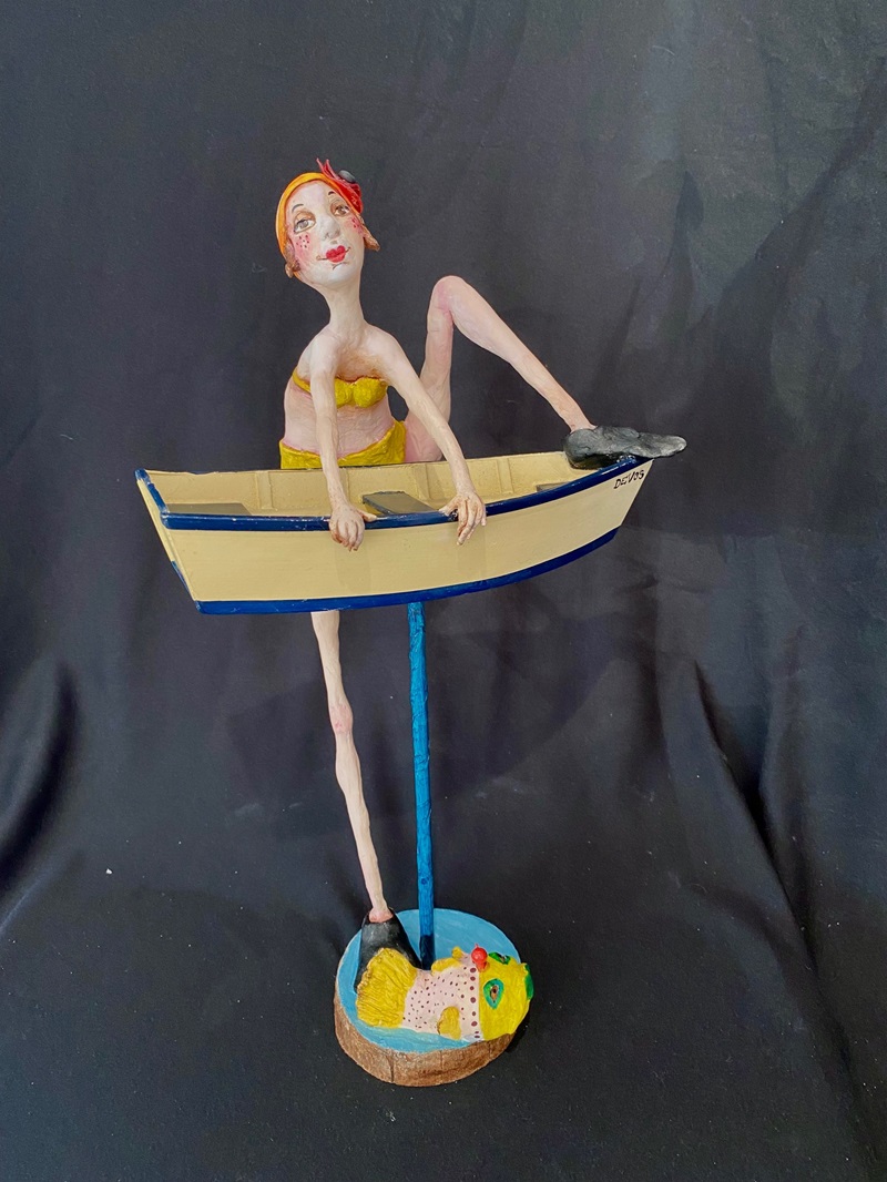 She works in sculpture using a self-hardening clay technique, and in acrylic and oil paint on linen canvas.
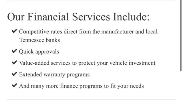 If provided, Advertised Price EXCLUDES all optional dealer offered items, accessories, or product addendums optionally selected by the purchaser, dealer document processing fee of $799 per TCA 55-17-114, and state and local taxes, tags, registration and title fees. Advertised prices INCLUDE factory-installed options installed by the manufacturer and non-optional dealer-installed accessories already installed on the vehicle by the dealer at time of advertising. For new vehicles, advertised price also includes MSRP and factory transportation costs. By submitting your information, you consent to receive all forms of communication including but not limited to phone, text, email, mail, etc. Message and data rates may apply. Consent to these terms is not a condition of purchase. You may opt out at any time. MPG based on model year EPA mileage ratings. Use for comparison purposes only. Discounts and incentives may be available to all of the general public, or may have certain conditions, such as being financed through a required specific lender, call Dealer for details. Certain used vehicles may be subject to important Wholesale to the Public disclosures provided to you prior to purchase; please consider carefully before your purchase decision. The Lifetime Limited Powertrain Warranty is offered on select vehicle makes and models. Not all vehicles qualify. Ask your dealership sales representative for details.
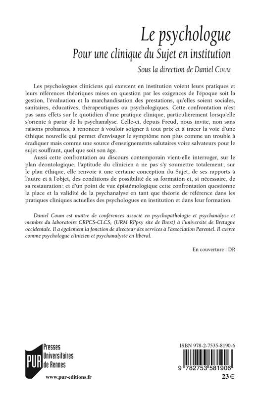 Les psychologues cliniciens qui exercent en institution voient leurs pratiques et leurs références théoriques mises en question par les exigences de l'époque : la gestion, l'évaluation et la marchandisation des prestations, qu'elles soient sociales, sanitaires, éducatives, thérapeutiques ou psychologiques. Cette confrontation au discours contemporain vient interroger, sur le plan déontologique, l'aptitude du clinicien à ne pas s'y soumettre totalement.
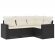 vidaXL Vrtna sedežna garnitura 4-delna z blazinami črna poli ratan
───
Set down the whole listing word for word, omitting the pictures.

# Finished task
 She works in sculpture using a self-hardening clay technique, and in acrylic and oil paint on linen canvas.
 If provided, Advertised Price EXCLUDES all optional dealer offered items, accessories, or product addendums optionally selected by the purchaser, dealer document processing fee of $799 per TCA 55-17-114, and state and local taxes, tags, registration and title fees. Advertised prices INCLUDE factory-installed options installed by the manufacturer and non-optional dealer-installed accessories already installed on the vehicle by the dealer at time of advertising. For new vehicles, advertised price also includes MSRP and factory transportation costs. By submitting your information, you consent to receive all forms of communication including but not limited to phone, text, email, mail, etc. Message and data rates may apply. Consent to these terms is not a condition of purchase. You may opt out at any time. MPG based on model year EPA mileage ratings. Use for comparison purposes only. Discounts and incentives may be available to all of the general public, or may have certain conditions, such as being financed through a required specific lender, call Dealer for details. Certain used vehicles may be subject to important Wholesale to the Public disclosures provided to you prior to purchase; please consider carefully before your purchase decision. The Lifetime Limited Powertrain Warranty is offered on select vehicle makes and models. Not all vehicles qualify. Ask your dealership sales representative for details.
 Les psychologues cliniciens qui exercent en institution voient leurs pratiques et leurs références théoriques mises en question par les exigences de l'époque : la gestion, l'évaluation et la marchandisation des prestations, qu'elles soient sociales, sanitaires, éducatives, thérapeutiques ou psychologiques. Cette confrontation au discours contemporain vient interroger, sur le plan déontologique, l'aptitude du clinicien à ne pas s'y soumettre totalement.
 vidaXL Vrtna sedežna garnitura 4-delna z blazinami črna poli ratan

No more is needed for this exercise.